I sometimes stated here or elsewhere, you could put PRIVATE ALL EXCEPT goApp at the begin of every function, procedure etc. That is even more radically refusing every variables bleeding in, except goApp, an application class instance to hold every globally needed data and functionality. But you have to understand every PRIVATE statement in code cares for all things in memory before that point in time and callstack, not afterwards. Beginning from then you can declare private variables with any name by just writing var=value somewhere and won't change such vars defined beforehand. the EXXCET clause can also be used to allow certain known and wanted private variables, eg in recursive functions. This can be overwhelming faster than passing variables by value.

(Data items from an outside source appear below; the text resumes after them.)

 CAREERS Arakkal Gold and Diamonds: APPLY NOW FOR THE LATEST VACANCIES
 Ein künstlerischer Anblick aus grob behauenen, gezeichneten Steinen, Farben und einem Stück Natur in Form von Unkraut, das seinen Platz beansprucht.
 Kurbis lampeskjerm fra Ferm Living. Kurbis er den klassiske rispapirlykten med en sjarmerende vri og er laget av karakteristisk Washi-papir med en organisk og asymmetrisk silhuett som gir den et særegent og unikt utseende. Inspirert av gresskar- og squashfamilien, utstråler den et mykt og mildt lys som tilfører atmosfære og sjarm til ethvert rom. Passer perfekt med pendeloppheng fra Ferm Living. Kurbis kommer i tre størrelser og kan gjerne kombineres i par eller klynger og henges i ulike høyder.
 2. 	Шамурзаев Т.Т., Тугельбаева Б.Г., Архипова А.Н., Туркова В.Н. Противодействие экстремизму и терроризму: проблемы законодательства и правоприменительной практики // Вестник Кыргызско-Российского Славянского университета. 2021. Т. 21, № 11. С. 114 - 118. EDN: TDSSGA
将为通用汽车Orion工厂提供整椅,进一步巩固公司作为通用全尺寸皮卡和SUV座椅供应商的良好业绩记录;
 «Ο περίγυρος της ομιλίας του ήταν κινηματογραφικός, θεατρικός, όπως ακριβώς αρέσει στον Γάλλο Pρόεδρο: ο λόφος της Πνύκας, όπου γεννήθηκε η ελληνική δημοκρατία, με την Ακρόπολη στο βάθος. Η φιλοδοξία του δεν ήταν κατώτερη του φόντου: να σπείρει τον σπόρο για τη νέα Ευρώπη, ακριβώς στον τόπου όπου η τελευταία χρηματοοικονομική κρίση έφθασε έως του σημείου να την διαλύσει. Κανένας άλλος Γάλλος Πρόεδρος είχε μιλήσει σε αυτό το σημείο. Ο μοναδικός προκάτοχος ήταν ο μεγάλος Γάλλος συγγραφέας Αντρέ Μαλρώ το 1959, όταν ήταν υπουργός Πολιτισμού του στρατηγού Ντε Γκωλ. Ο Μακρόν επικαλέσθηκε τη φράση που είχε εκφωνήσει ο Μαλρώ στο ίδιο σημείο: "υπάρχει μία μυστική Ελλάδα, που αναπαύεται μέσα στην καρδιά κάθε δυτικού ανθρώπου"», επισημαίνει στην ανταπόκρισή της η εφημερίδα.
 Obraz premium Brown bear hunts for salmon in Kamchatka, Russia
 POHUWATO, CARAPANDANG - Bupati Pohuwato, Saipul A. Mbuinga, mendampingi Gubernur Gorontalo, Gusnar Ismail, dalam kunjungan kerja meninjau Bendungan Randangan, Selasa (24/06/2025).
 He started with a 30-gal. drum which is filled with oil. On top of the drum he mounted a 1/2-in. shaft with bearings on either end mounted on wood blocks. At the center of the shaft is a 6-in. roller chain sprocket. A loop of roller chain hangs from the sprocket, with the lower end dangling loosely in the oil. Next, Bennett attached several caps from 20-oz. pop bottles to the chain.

So PRIVATE allows to define the namespace that you want to keep out and want to use to create new private variables starting their scope at the current stack level. But PRIVATE ALL EXCEPT goApp doesn't make every variable except goApp private. It just hides any private variable that may exist even accidentally and I can even forget to declare some variable LOCAL without the risc of overriding a private variable value. Nevertheless I use LOCAL all the time at the head of functions, procedures, and methods. Sometimes even with AS type, and often enough with comments to tell the meaning of the var. It's a good place for documentation and overview, instead of cluttering code with comments where variables are first set, for example.

Bye, Olaf.
 
hi everyone,

thankx for all the great inputs , so i understand ... the best thing is to avoid Public variables as much as possible .... i did find Tamar's article very informative and usefull. I really liked the idea of adding properties to the form and then placing values into them.
i'll seriously think on that rather than public,private or local variable types. and use public varibales only if they are required anywhere at anytime within the entire application.
right guys ,,, thankx for all the info ...

thankx alot
Vijay
 
Vijay - even if you use form properties, you'll still probably need local variables. But my experience is that I only ever need anything other than properties and local variables in the two cases I described earlier.